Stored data
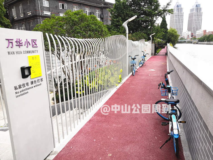 不过,杉杉也发现了不和谐的一幕,苏州河健身步道是禁止非机动车通行的,但在万华小区出口处,杉杉却发现了3辆共享单车停放着。
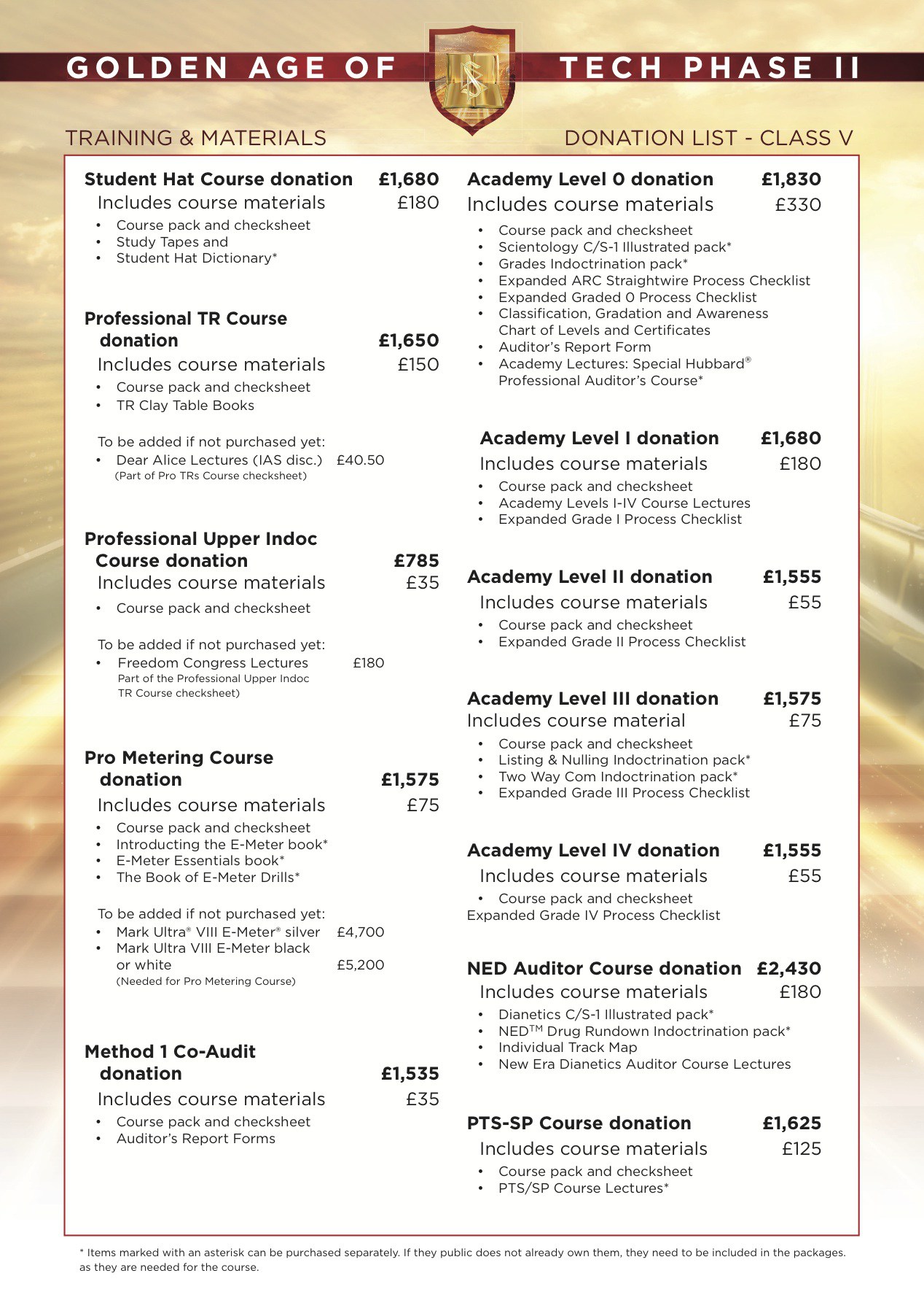 | New Era Dianetics | 3 x 12.5 hr | $5,600 | $16,800 |
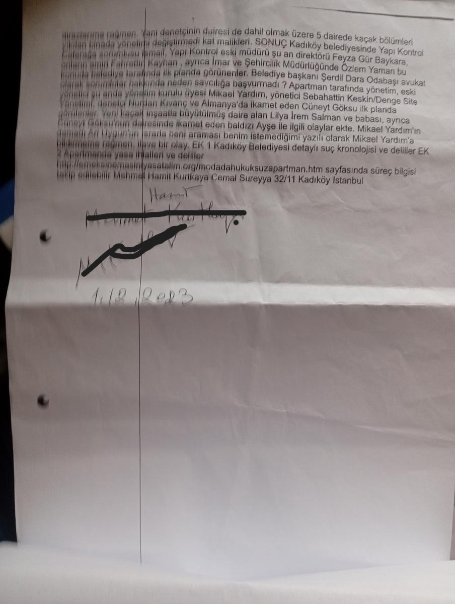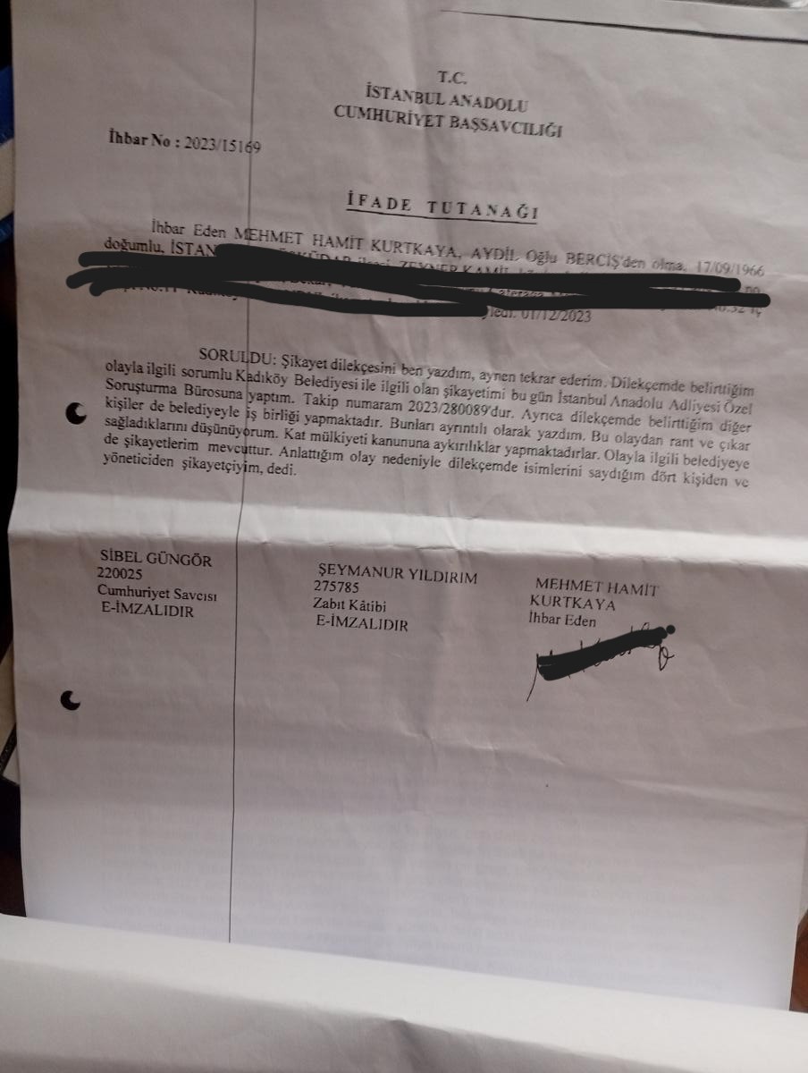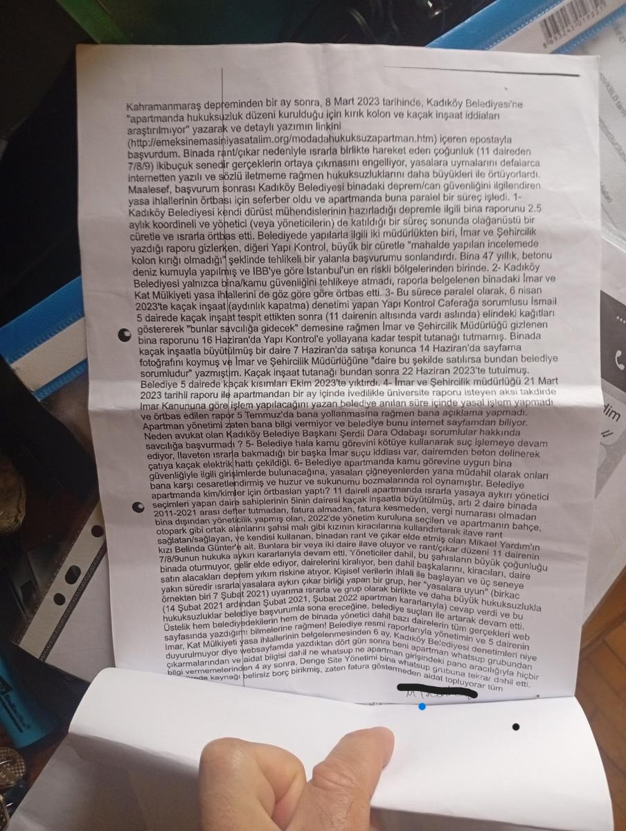 Kahramanmaraş depreminden 1 ay sonra, 8 Mart 2023'te, Kadıköy Belediyesi'ne binamızda hukuksuzluk düzeni kurulduğu, kaçak inşaatlar olduğu ve apartman yönetiminin kolon kırığı gizlediği iddiaları ile iddialarımı yayınladığım web sayfamın linkini vererek başvurmuştum. Bu iddialarım Belediye tarafından tamamen kanıtlanmış durumdadır.
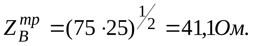 то волновое сопротивление четвертьволнового трансформатора должно быть
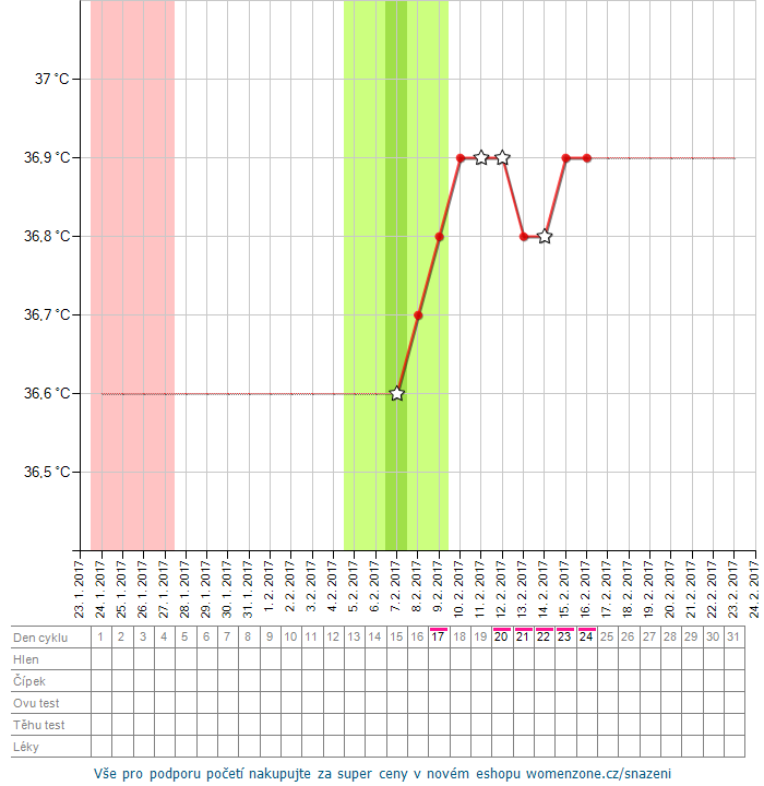16.2.2017 16:30Tak já bych řekla, že tu ovu jsi pravděpodobně "chytla" (tak 15dc) a je tam vidět nárůst teploty. Plochý graf není neobvyklý, ale na další soudy je brzy.
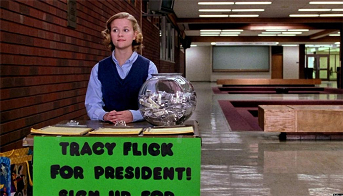 瑞茜·威瑟斯彭饰演的翠茜·弗利克(tracy flick)是一位十分能干的学生,但同时也很招人厌,做什么事都用力过猛。她的竞选口号是“选弗利克(pick flick )”,这在我看来比今年大选中任何一位候选人的口号都强。
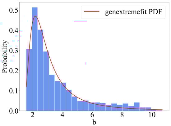 The statistical distribution of parameter  can be fitted with a generalized extreme value (GEV) distribution. The K–S test does not reject the generalized extreme value distribution function at a 95% significance level. Figure 15 gives the fitting effect of parameter . As shown in the results, the width  of the corrosion pit is mainly concentrated at ; the larger the width, the smaller the probability. The generalized extreme value distribution can be written as Equation (19):  is a shape parameter;  is a positional parameter; and  is a scale parameter.
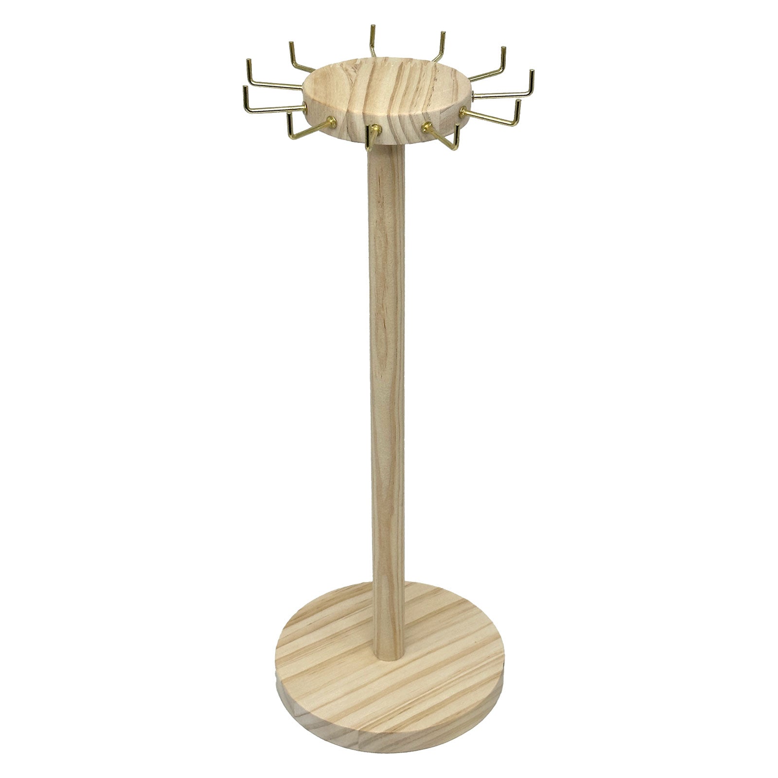 - A natural pine wood jewelry display stand with 11 gold-colored hooks for necklaces, chains, or dangle earrings.
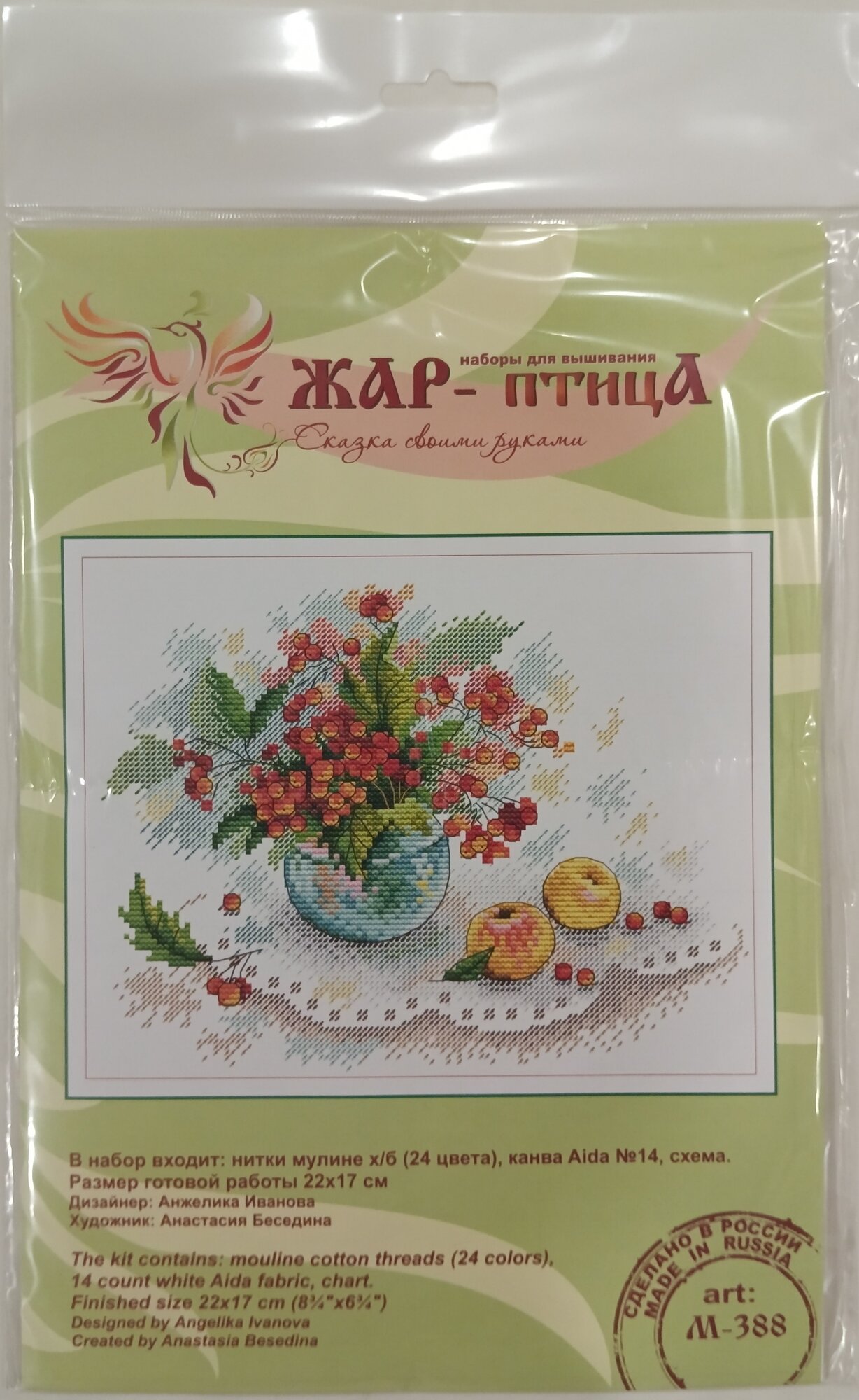 | В набор входит | канва Аида №14, нитки мулине 24 цветов, схема и руководство по вышиванию |
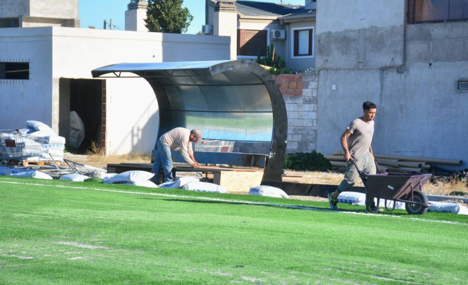 Este jueves se pasará a desparramar las bolsas de caucho y de esta manera ya dejar en condiciones la cancha.

> ASSIGNMENT: Return the records above verbatim, images excluded.

> OUTPUT FOR THIS TASK:
 不过,杉杉也发现了不和谐的一幕,苏州河健身步道是禁止非机动车通行的,但在万华小区出口处,杉杉却发现了3辆共享单车停放着。
 | New Era Dianetics | 3 x 12.5 hr | $5,600 | $16,800 |
 Kahramanmaraş depreminden 1 ay sonra, 8 Mart 2023'te, Kadıköy Belediyesi'ne binamızda hukuksuzluk düzeni kurulduğu, kaçak inşaatlar olduğu ve apartman yönetiminin kolon kırığı gizlediği iddiaları ile iddialarımı yayınladığım web sayfamın linkini vererek başvurmuştum. Bu iddialarım Belediye tarafından tamamen kanıtlanmış durumdadır.
 то волновое сопротивление четвертьволнового трансформатора должно быть
16.2.2017 16:30Tak já bych řekla, že tu ovu jsi pravděpodobně "chytla" (tak 15dc) a je tam vidět nárůst teploty. Plochý graf není neobvyklý, ale na další soudy je brzy.
 瑞茜·威瑟斯彭饰演的翠茜·弗利克(tracy flick)是一位十分能干的学生,但同时也很招人厌,做什么事都用力过猛。她的竞选口号是“选弗利克(pick flick )”,这在我看来比今年大选中任何一位候选人的口号都强。
 The statistical distribution of parameter  can be fitted with a generalized extreme value (GEV) distribution. The K–S test does not reject the generalized extreme value distribution function at a 95% significance level. Figure 15 gives the fitting effect of parameter . As shown in the results, the width  of the corrosion pit is mainly concentrated at ; the larger the width, the smaller the probability. The generalized extreme value distribution can be written as Equation (19):  is a shape parameter;  is a positional parameter; and  is a scale parameter.
 - A natural pine wood jewelry display stand with 11 gold-colored hooks for necklaces, chains, or dangle earrings.
 | В набор входит | канва Аида №14, нитки мулине 24 цветов, схема и руководство по вышиванию |
 Este jueves se pasará a desparramar las bolsas de caucho y de esta manera ya dejar en condiciones la cancha.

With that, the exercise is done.